NYP mengatakan bahwa penyerang Trump ‘sangat buruk dalam menembak’.

Foto dari media sosial
Kita semua tau, bahwa tersangka penembakan terhadap calon presiden AS Donald Trump adalah Warga Pennsylvania, bernama Thomas Matthew Crooks, namun taukah anda bahwa pria tersebut pernah mengikuti seleksi untuk sebuah tim penembak di sekolah dan ia gagal dalam seleksi itu? Berikut adalah laporan yang ditulis oleh The New York Post yang mengutip dua mantan teman sekelasnya.
Pada saat itu, seleksi dilakukan di sebuah lapangan tembak yang lebarnya sekitar enam meter dan jarak sasarannya adalah 50 meter, terdapat tujuh jalur penembak. Crooks menembak dari jalur paling kanan dan hanya sekali mengenai dinding kiri jangkauan, meleset hampir enam meter.

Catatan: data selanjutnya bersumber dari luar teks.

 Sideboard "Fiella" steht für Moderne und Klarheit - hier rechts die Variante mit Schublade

“Itu merupakan pukulan yang sangat buruk baginya, sehingga dia tidak masuk tim dan berhenti setelah hari pertama seleksi,” kata salah satu mantan siswa, Jameson Murphy.

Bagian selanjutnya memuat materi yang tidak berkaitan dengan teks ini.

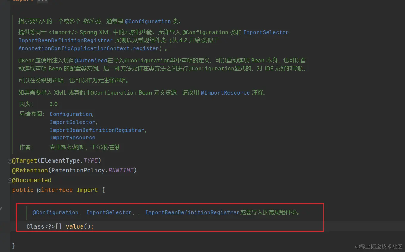 括号中的类可以是个具体的类的集合(表示直接引入这些类,这个和@Bean差不多,不是这个注解的重点),也可以是实现ImportSelector接口的类(AutoConfigurationImportSelector.class就是这种,可以自定义导入包的逻辑,并做些自定义过滤),也可以是实现ImportBeanDefinitionRegistrar接口的类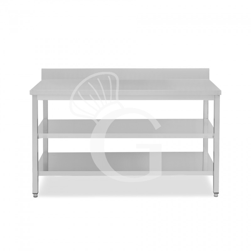 Edelstahltisch, 2 Regalböden, Aufkantung, B 1800 mm X T 800 mm X H 965 mm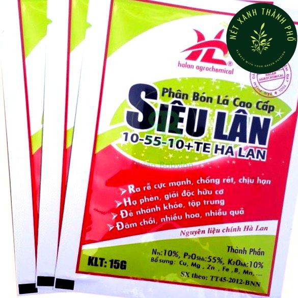 Phân Bón Lá Cao Cấp Siêu Lân Hà LanLà sản phẩm phân bón chứa hàm lượng lân cao giúp bộ rễ phát triển mạnh ở gian đoạn cây con, giúp hoa ra nhanh và đồng loạt, chống rét, nghẹt rễ gây thối rễ, rễ chậm phát triển.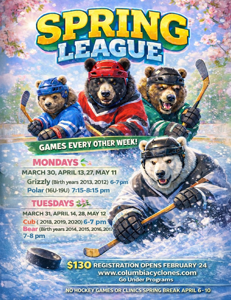 Join us for 4 weeks of Spring league. Each week we will host a game 55-60 mins long. Depending on the number of participants in each division the games may be 3v3, 4v4, or classic 5v5. Teams will change each week, and we will do our best to divide up skill level, so teams are as even as possible. We ask that you not wear your Cyclone jerseys, we provide Black and white jerseys for players to wear each week. This is a great opportunity to volunteer- we will need volunteers for clock, music, adults to sit the bench, and snacks.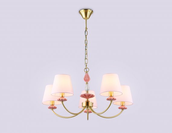 Светильник подвесной LH75024/5 GD/PI золото/розовый E14/5 max 40W D700*780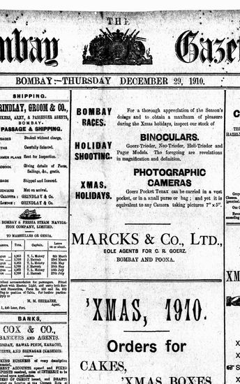 The Bombay Gazette, 29 December 1910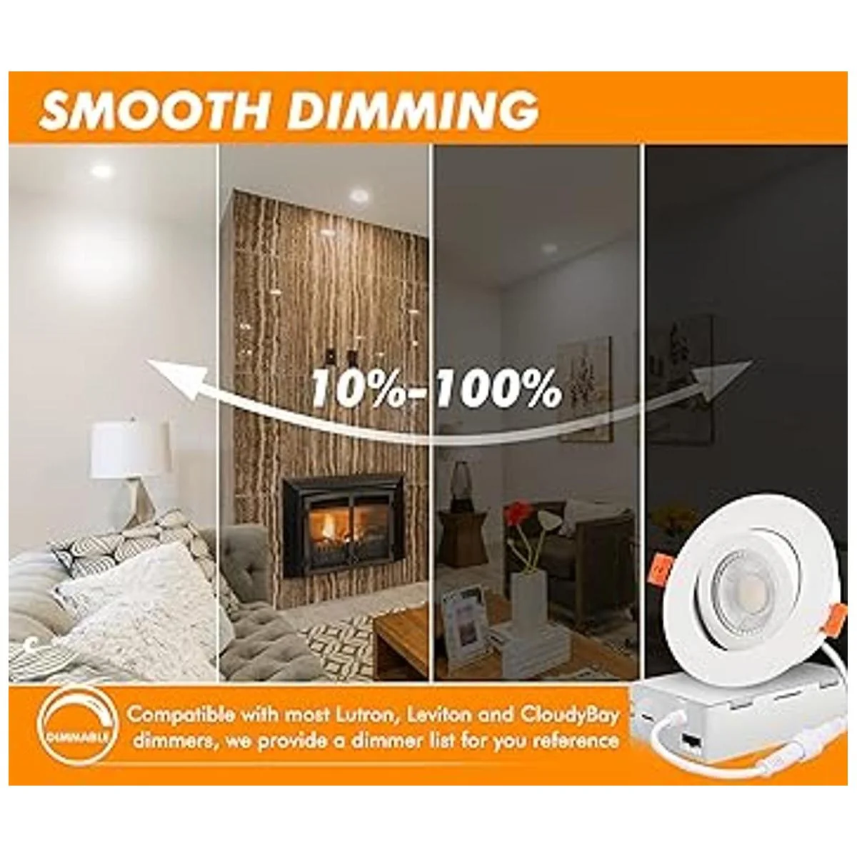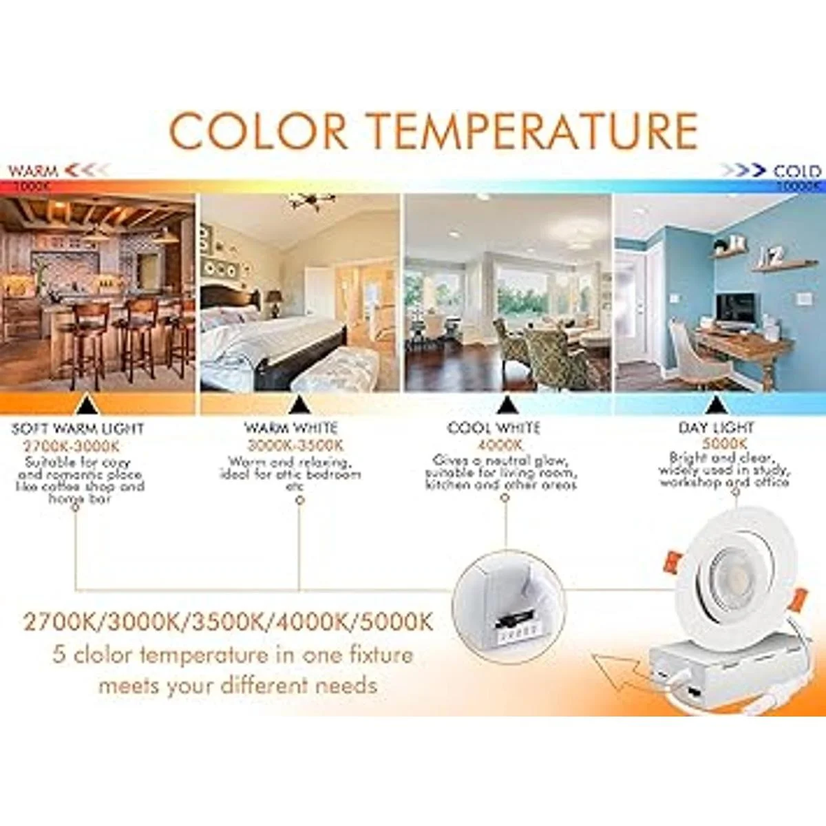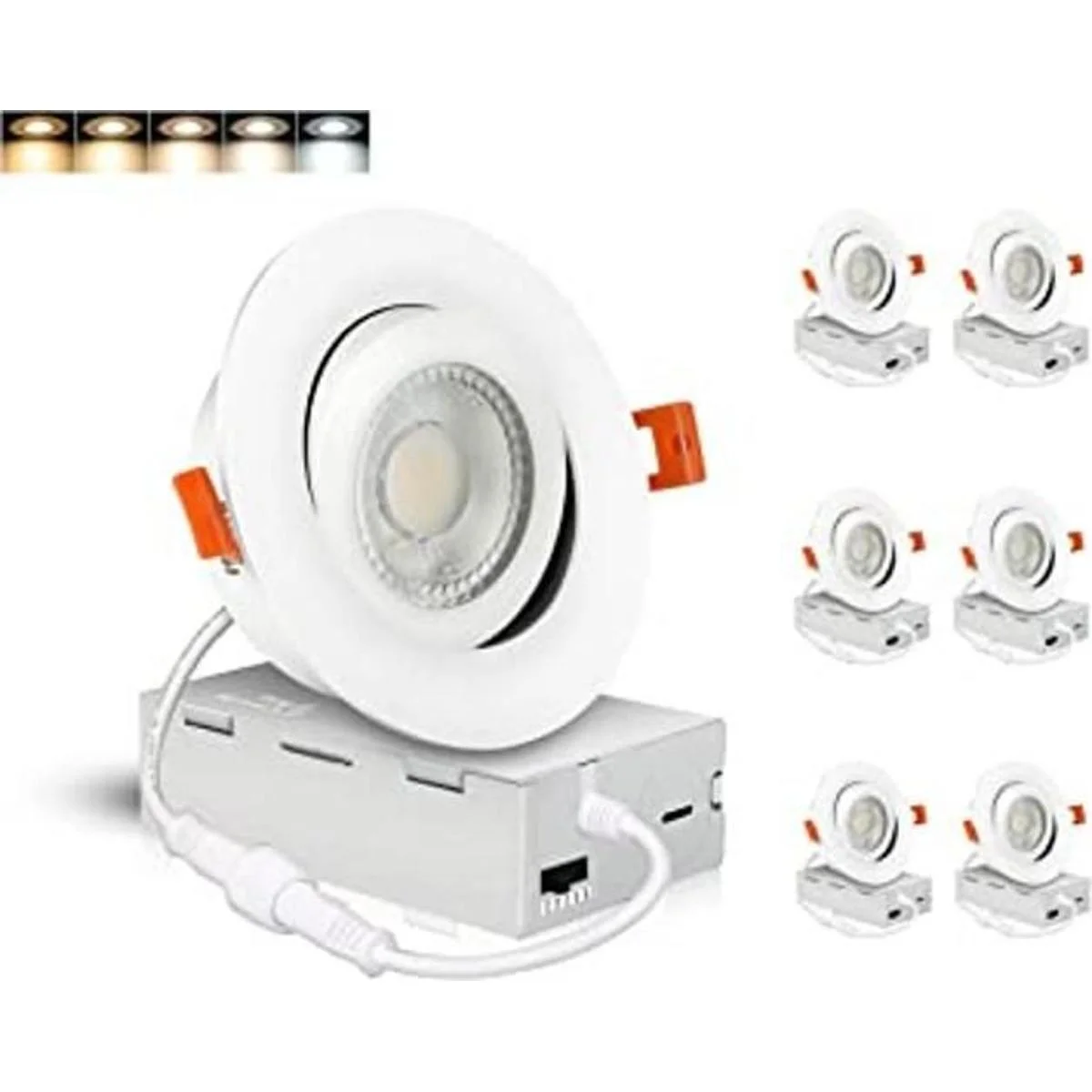 Cloudy Bay Eyeball 5 colores 4 pulgadas Gimbal LED empotrable con caja de conexiones, clasificación IC, 9.5 W CRI90 2700K3000K3500K4000K5000K temperatura seleccionable, downlight regulable, versión actualizada, paquete de 6

Orang lain yang diwawancarai oleh NYP menggambarkan Crooks sebagai seorang penyendiri. Seorang pria aneh dengan pakaian berburu, dan “tidak tahu cara menembak sama sekali.”

Foto dari media sosial
Pelatihnya yang merupakan seorang penembak jitu berpengalaman sangat mengkhawatirkan perilaku Crooks pada saat itu, kata para siswa. Mereka mengatakan bahwa Crooks sering berinteraksi secara aneh dengan orang lain dan mengatakan hal-hal yang mengganggu dan tidak pantas, terlebih lagi pada saat itu ia memiliki senjata.

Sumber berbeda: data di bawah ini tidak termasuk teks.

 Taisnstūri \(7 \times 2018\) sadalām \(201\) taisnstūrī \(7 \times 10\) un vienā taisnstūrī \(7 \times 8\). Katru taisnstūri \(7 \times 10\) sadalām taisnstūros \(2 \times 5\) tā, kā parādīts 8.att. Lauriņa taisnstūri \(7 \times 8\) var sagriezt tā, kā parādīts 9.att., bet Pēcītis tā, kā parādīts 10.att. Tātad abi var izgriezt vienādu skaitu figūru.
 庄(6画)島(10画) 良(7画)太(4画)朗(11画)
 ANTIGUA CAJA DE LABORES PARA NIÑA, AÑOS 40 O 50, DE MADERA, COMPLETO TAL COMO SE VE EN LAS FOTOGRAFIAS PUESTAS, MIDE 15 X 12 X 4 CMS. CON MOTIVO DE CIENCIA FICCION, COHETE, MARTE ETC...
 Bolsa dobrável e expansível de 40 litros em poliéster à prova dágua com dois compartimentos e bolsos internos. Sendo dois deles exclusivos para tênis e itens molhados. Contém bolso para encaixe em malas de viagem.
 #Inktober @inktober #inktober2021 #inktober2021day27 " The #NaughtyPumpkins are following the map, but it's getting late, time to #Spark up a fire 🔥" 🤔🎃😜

Namun, pada saat yang sama, teman sekelas SMA Croocks lainnya yang diwawancarai oleh New York Times mengatakan bahwa dia tidak mengingat sesuatu yang mencurigakan tentang Crooks. Mereka justru menggambarkan Croocks sebagai seorang pemuda cerdas dan hanya memiliki sedikit teman. Staf di panti jompo tempat Crooks bekerja juga memiliki kesan yang sama.

Foto dari media sosial
Sejauh ini penyelidik belum menemukan bukti yang cukup bahwa pemuda tersebut memiliki ketertarikan yang kuat pada dunia politik, meski laporan mengatakan bahwa dia terdaftar sebagai pemilih Partai Republik, dan pernah memberikan sumbangan kepada Partai Demokrat. Salah satu kenalannya, Zach Bradford yakin bahwa pandangan Crooks “sedikit sayap kanan”. Namun, NYP setelah mempelajari akun Crooks di Internet, menyatakan bahwa Croocks adalah orang yang suka bermain catur, video game, dan belajar pemrograman.
Upaya pembunuhan terhadap Trump terjadi pada rapat umum di Pennsylvania, beberapa menit setelah acara dimulai. Penembak melepaskan delapan tembakan, salah satu pelurunya mengenai telinga Trump. Setelah dibawa ke dokter, dia mengatakan bahwa semuanya baik-baik saja. Satu penonton tewas dan dua lainnya luka-luka dalam tragedi tersebut. Crooks kemudian ditembak mati di tempat oleh petugas keamanan acara.
FBI masih yakin bahwa pria itu bertindak sendirian. Sedangkan pihak tertuduh, yaitu Presiden saat ini Joe Biden, justru mengungkapkan kata-kata dukungannya kepada Trump.